» BRIEF: Everything in the listing should be copied exactly, save for the pictures.

--- COLLECTED MATERIAL Enclosed Below ---

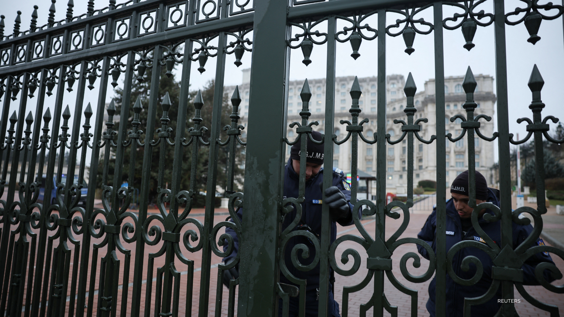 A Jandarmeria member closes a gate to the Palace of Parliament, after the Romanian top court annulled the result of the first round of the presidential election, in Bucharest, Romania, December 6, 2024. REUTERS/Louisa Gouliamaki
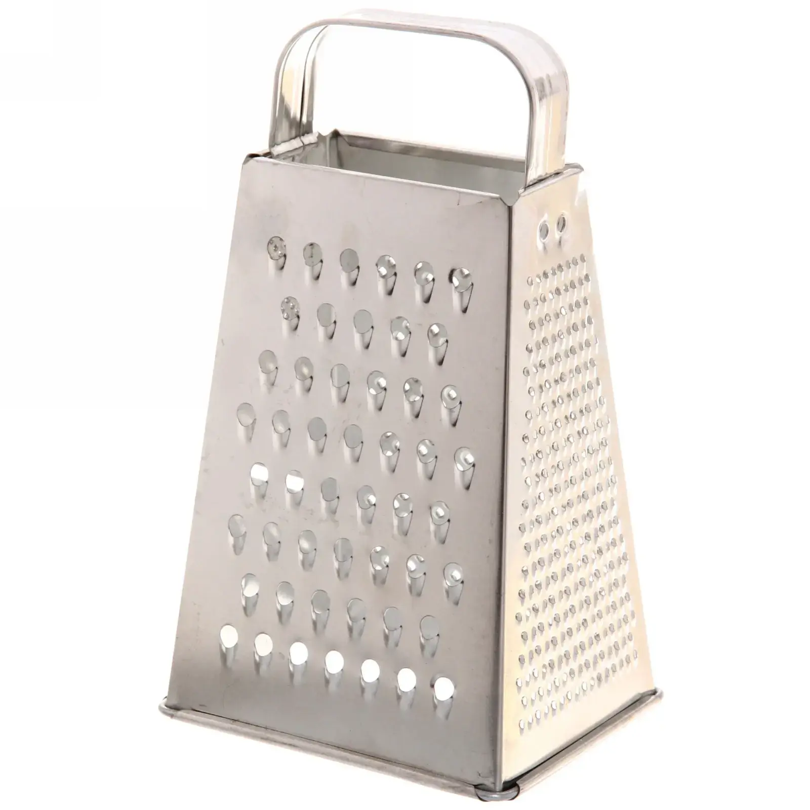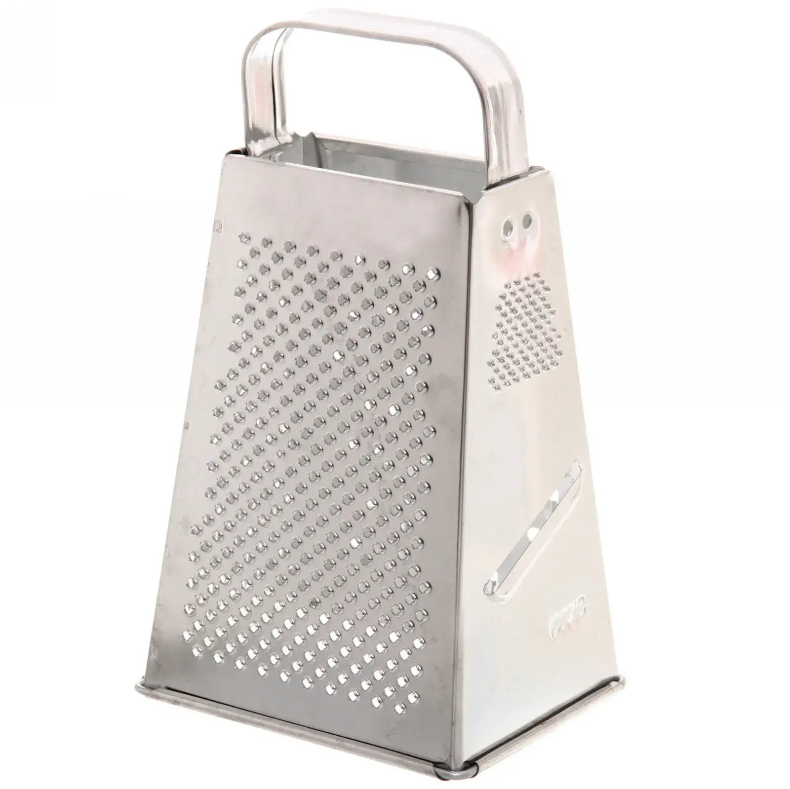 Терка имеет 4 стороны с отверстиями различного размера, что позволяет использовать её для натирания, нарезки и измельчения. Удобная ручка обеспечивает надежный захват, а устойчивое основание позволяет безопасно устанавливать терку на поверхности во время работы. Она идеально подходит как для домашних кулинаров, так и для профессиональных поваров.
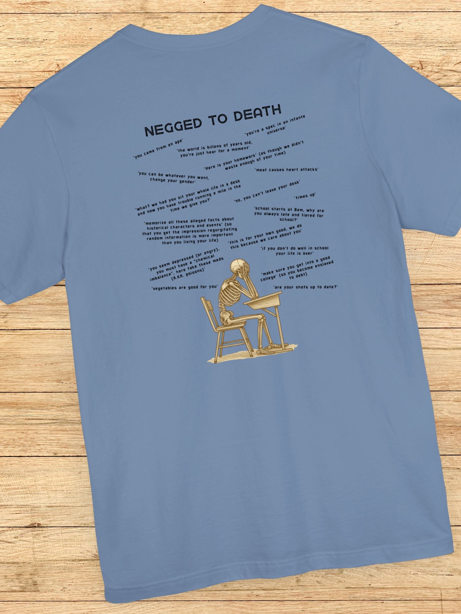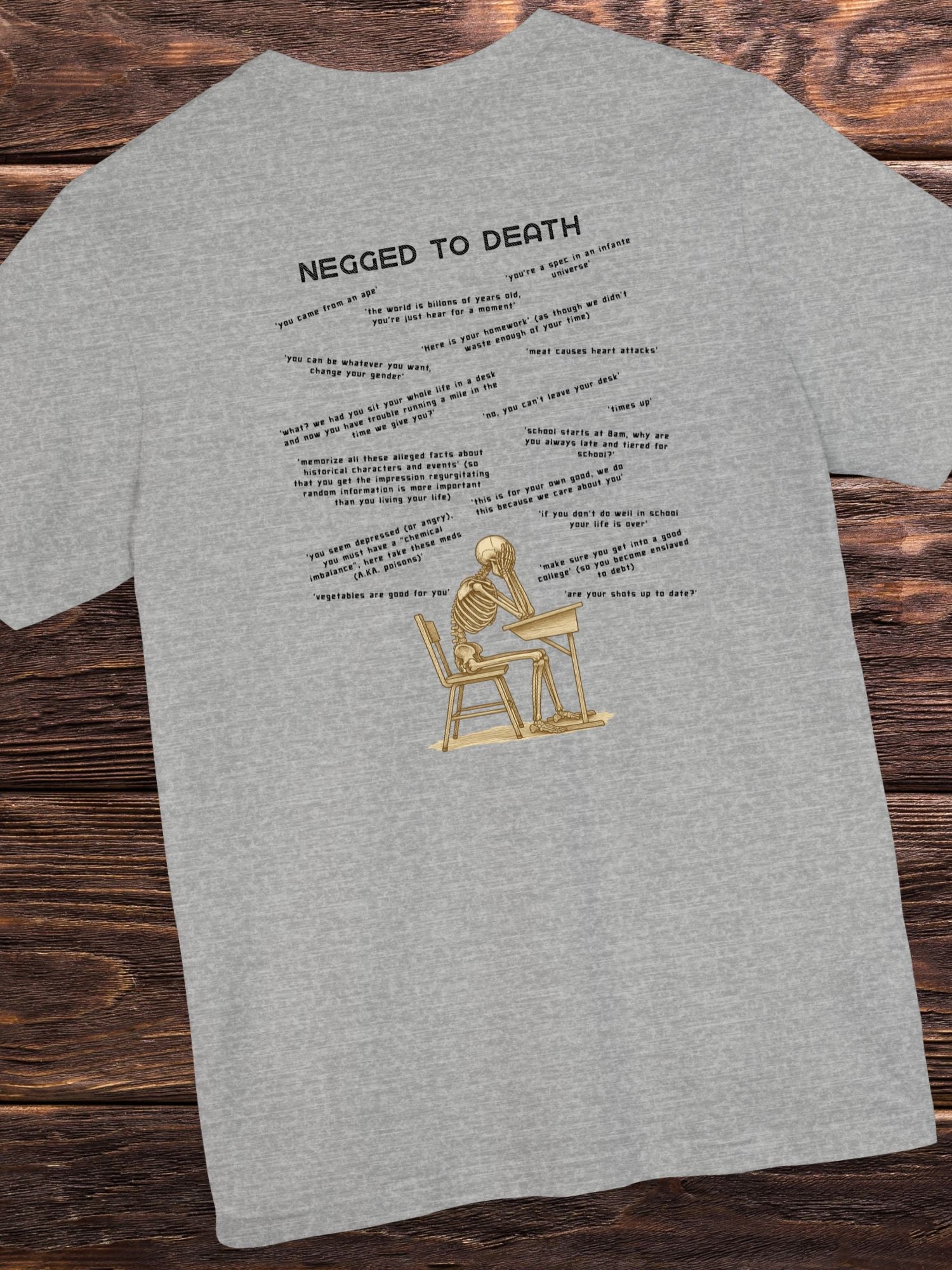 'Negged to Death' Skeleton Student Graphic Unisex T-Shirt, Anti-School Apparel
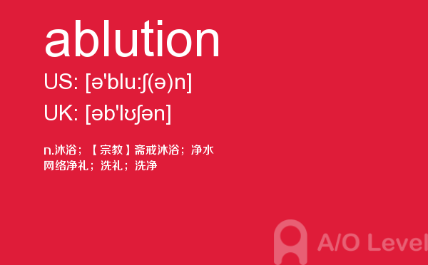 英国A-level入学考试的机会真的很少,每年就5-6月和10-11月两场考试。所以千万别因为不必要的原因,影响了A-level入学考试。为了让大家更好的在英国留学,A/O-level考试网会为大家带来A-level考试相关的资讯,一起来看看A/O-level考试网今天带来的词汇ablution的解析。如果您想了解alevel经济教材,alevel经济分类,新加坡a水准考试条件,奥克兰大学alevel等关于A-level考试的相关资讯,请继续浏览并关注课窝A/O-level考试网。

--- End of Enclosed COLLECTED MATERIAL ---

» EXERCISE ANSWER:
 A Jandarmeria member closes a gate to the Palace of Parliament, after the Romanian top court annulled the result of the first round of the presidential election, in Bucharest, Romania, December 6, 2024. REUTERS/Louisa Gouliamaki
 Терка имеет 4 стороны с отверстиями различного размера, что позволяет использовать её для натирания, нарезки и измельчения. Удобная ручка обеспечивает надежный захват, а устойчивое основание позволяет безопасно устанавливать терку на поверхности во время работы. Она идеально подходит как для домашних кулинаров, так и для профессиональных поваров.
 'Negged to Death' Skeleton Student Graphic Unisex T-Shirt, Anti-School Apparel
 英国A-level入学考试的机会真的很少,每年就5-6月和10-11月两场考试。所以千万别因为不必要的原因,影响了A-level入学考试。为了让大家更好的在英国留学,A/O-level考试网会为大家带来A-level考试相关的资讯,一起来看看A/O-level考试网今天带来的词汇ablution的解析。如果您想了解alevel经济教材,alevel经济分类,新加坡a水准考试条件,奥克兰大学alevel等关于A-level考试的相关资讯,请继续浏览并关注课窝A/O-level考试网。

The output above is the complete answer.